When I first saw this infographic from the UK company Computer Planet about the health benefits of playing video games, I thought, “Hmm, interesting, but how much relevance does it have to baby boomers?”
After all, the prototypical image of gamers is of young men — who, as the infographic itself suggests, are seen as “anti-social hermits who shut themselves in their bedrooms day and night.”
And along with that image goes empty pizza boxes, bottles of soda or beer, maybe a haze of cigarette smoke…you get the picture.
Then I did a little research and was surprised to read that nearly a quarter of all gamers in the U.S. are age 50-plus, outdistancing those aged 36-49 and not too far behind the under 18 and 18-35 age ranges.
There’s more: according to surveys by Pew Research, in 2017 55 percent of Americans aged 50 and up played video games at least some of the time.
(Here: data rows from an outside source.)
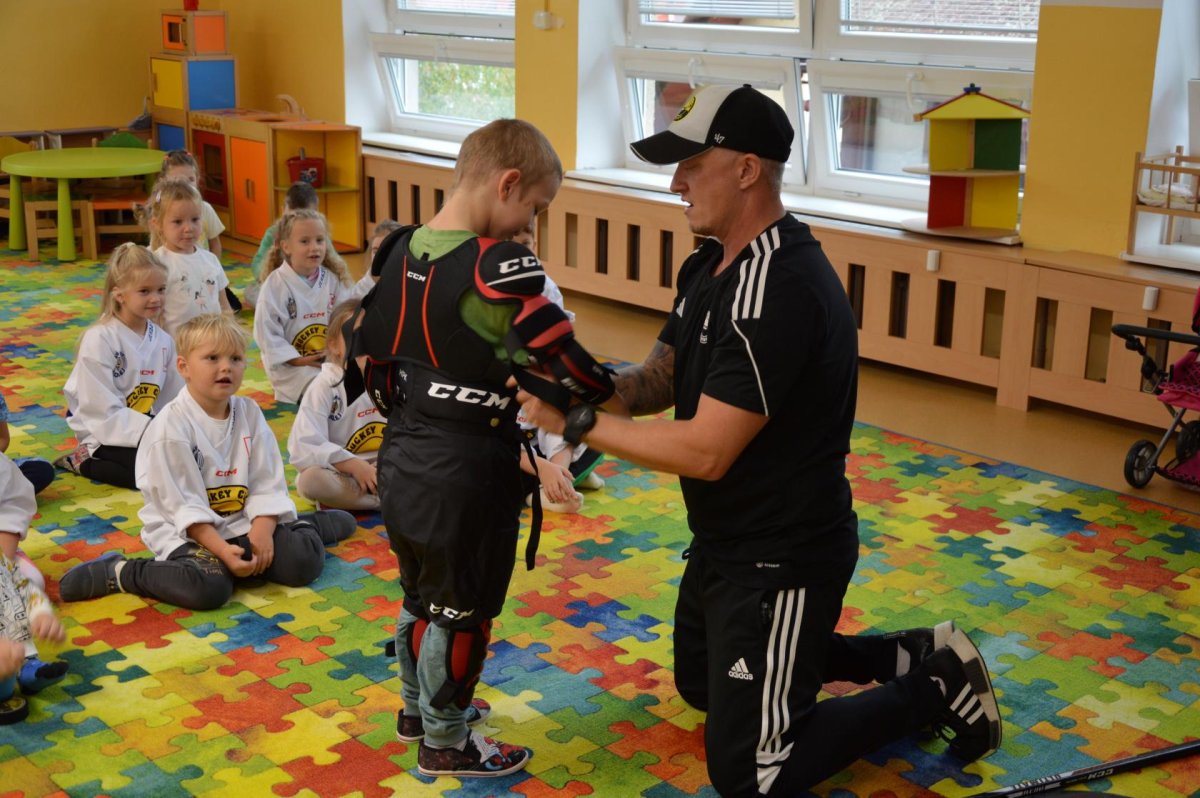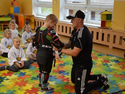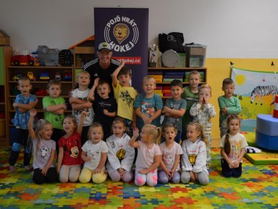 Ve čtvrtek 19.9. nás v rámci projektu "Pojď hrát hokej" navštívil hokejový trenér Mikael Pančák. Připravil pro děti zajímavou pohybovou aktivitu, ukázal hokejovou výstroj. Děti si dopoledne moc užily. Děkujeme a těšíme se na příště.
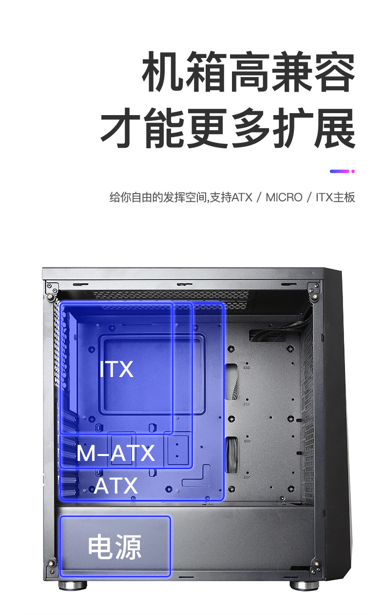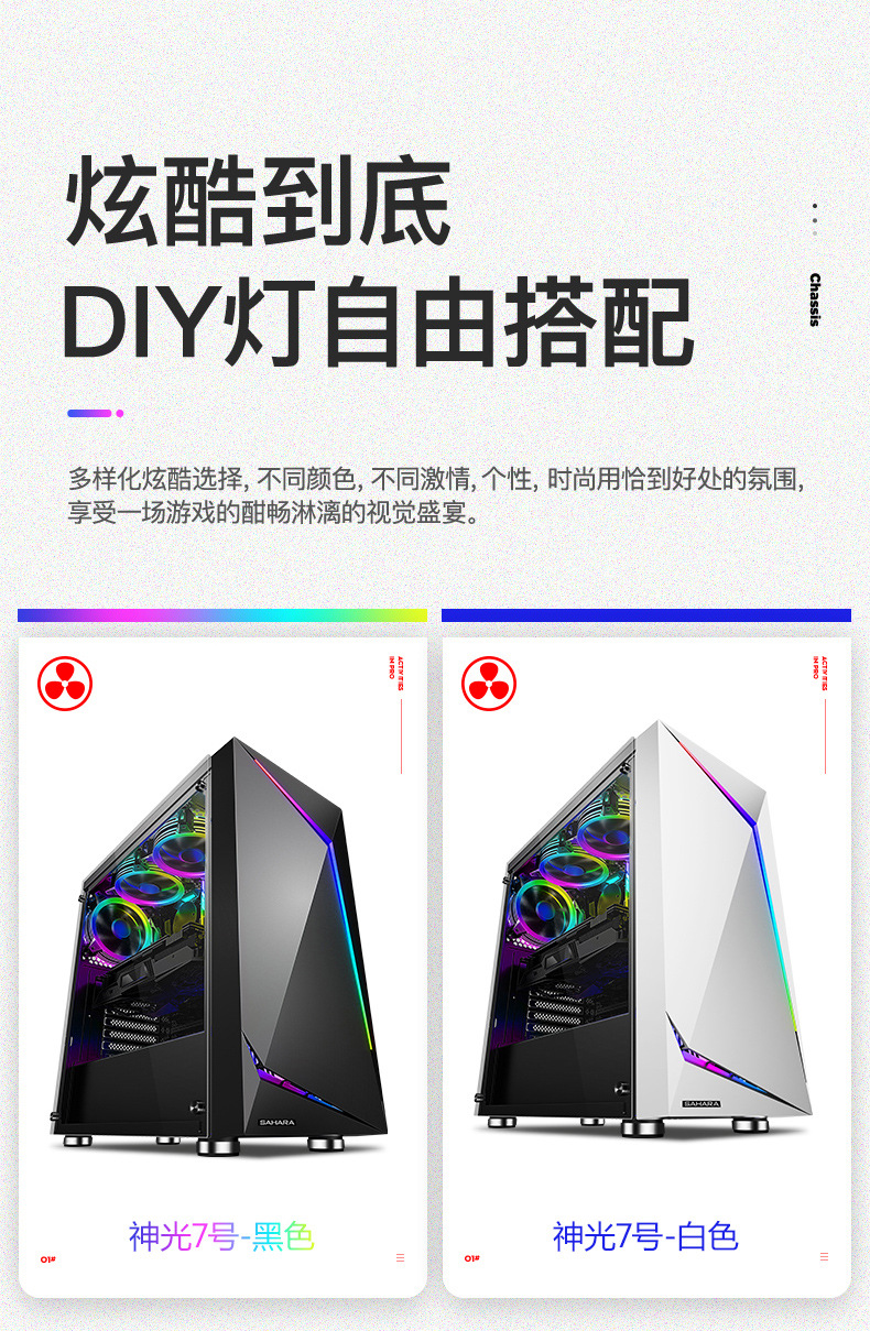 Sahara Shenguang No. 7 컴퓨터 케이스 데스크탑 전체 측면 투명 대형 보드 ATX 메인 케이스 수냉식 게임 케이스스토어 가기
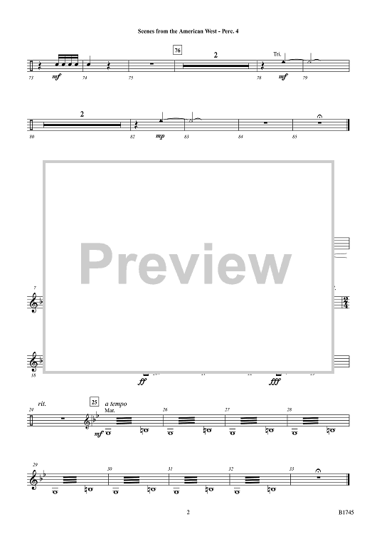 Digital Sheet Music for Scenes from the American West - Percussion 4 by Jack Wilds scored for Concert Band; id:508431
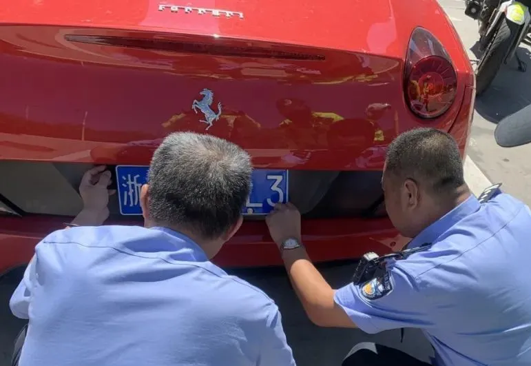 見圳客戶端·深圳新聞網(wǎng)2020年6月28日訊 2020年6月19日,深圳交警寶安大隊接群眾舉報稱:在益田假日廣場停車場有套牌車出沒。接到警情后,深圳交警立即派出鐵騎隊員趕到現(xiàn)場,找到舉報人所描述的一輛紅色法拉利,鐵騎根據(jù)舉報人所提供線索,對車牌號為浙A7****的紅色法拉利進(jìn)行核查。
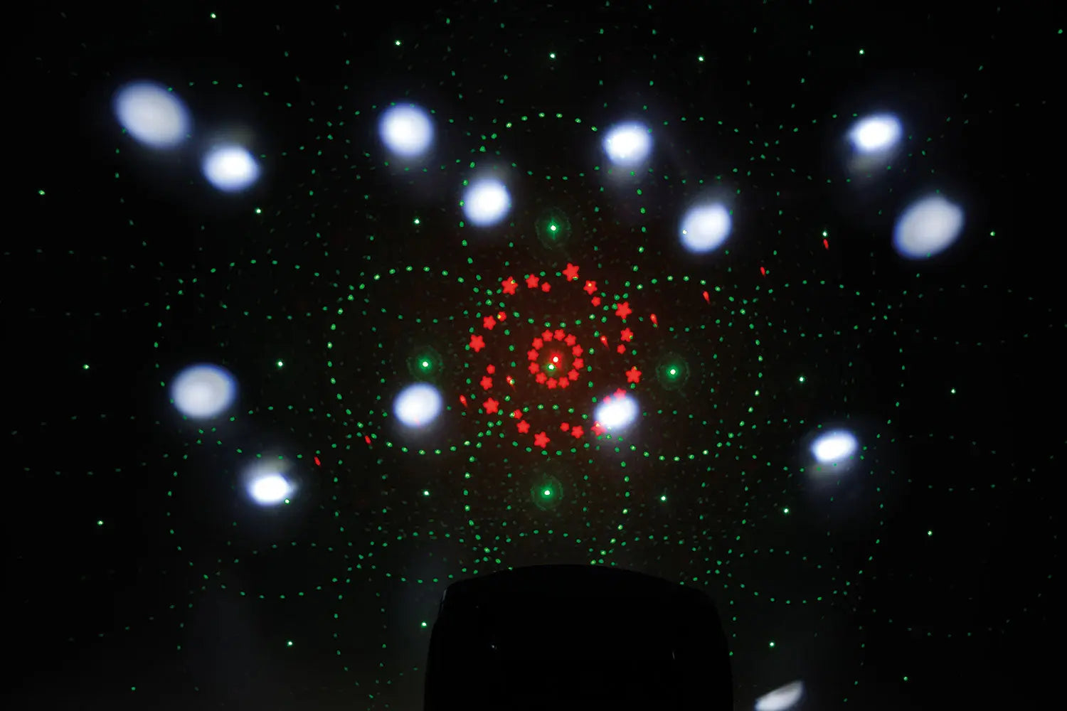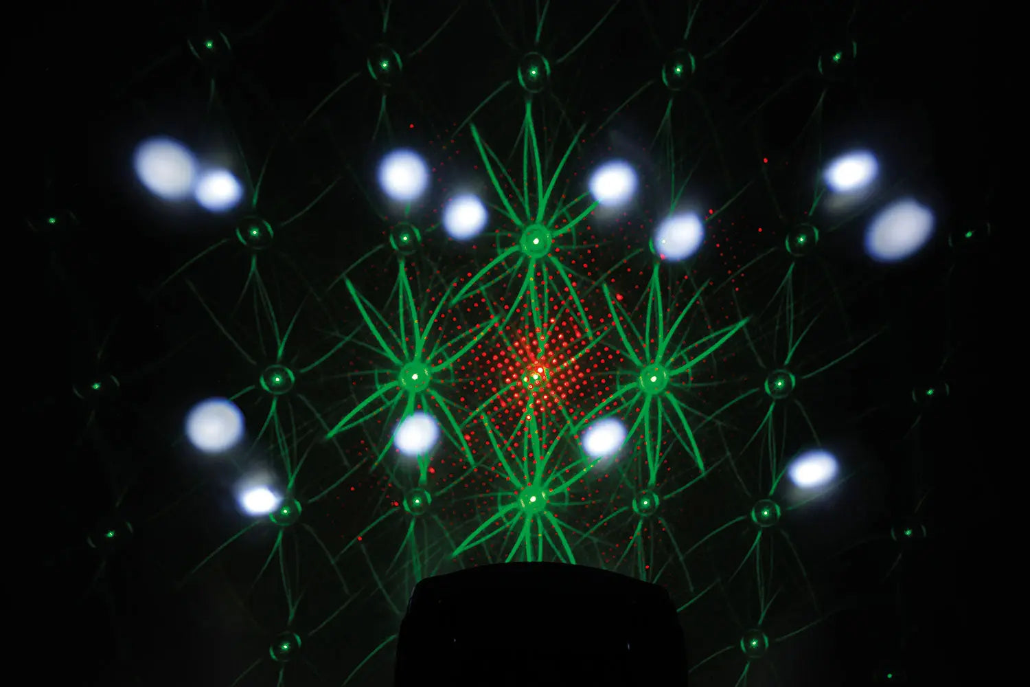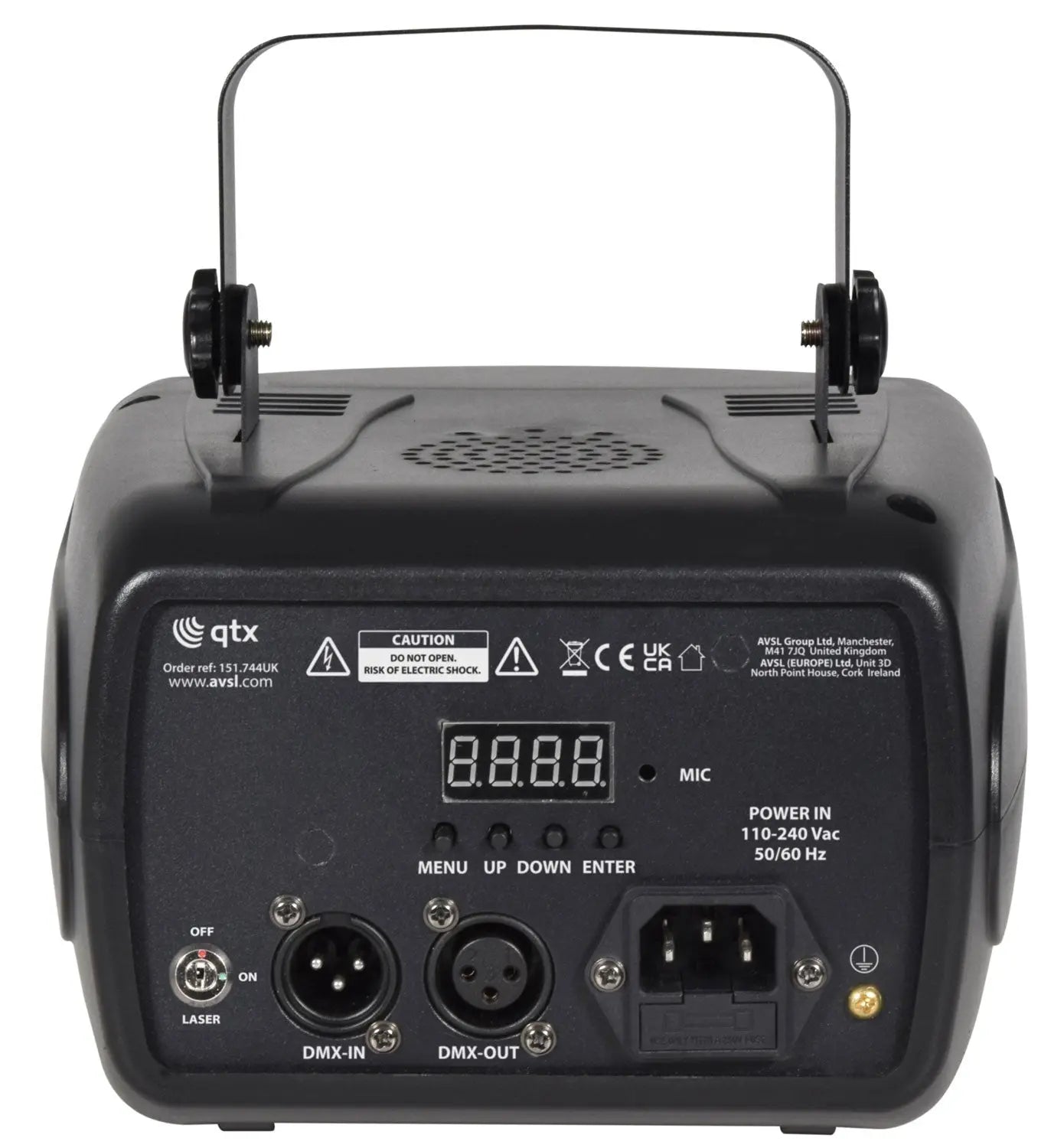 A compact 3-in-1 light effect combining a colourful butterfly effect, 6x 1W RGB PARs and Dual colour Laser in one convenient fixture. Easy to setup and use via an array of integrated automatic programs or sound to light. More precise control is provided via either 13-channel DMX connection or the included IR remote control.

Other surveys show even higher rates, up to 65 percent of the 50-plus population.
And more than a third of gamers aged 65 and up say they play almost daily — well outpacing any other age group (about a fifth of those aged 50-64 said they played daily, about equal to younger adults).
So the potential health benefits of gaming suddenly seemed very relevant indeed.
The infographic makes the case that gaming can do everything from alleviating pain to increasing your brain matter and memory capacity.
So, if you haven’t played video games since the days of Pac-Man and Donkey Kong, you might want to limber up those wrists and fingers and give Tetris or Super Mario a try. Lots of other baby boomers do, and may well be benefiting from it.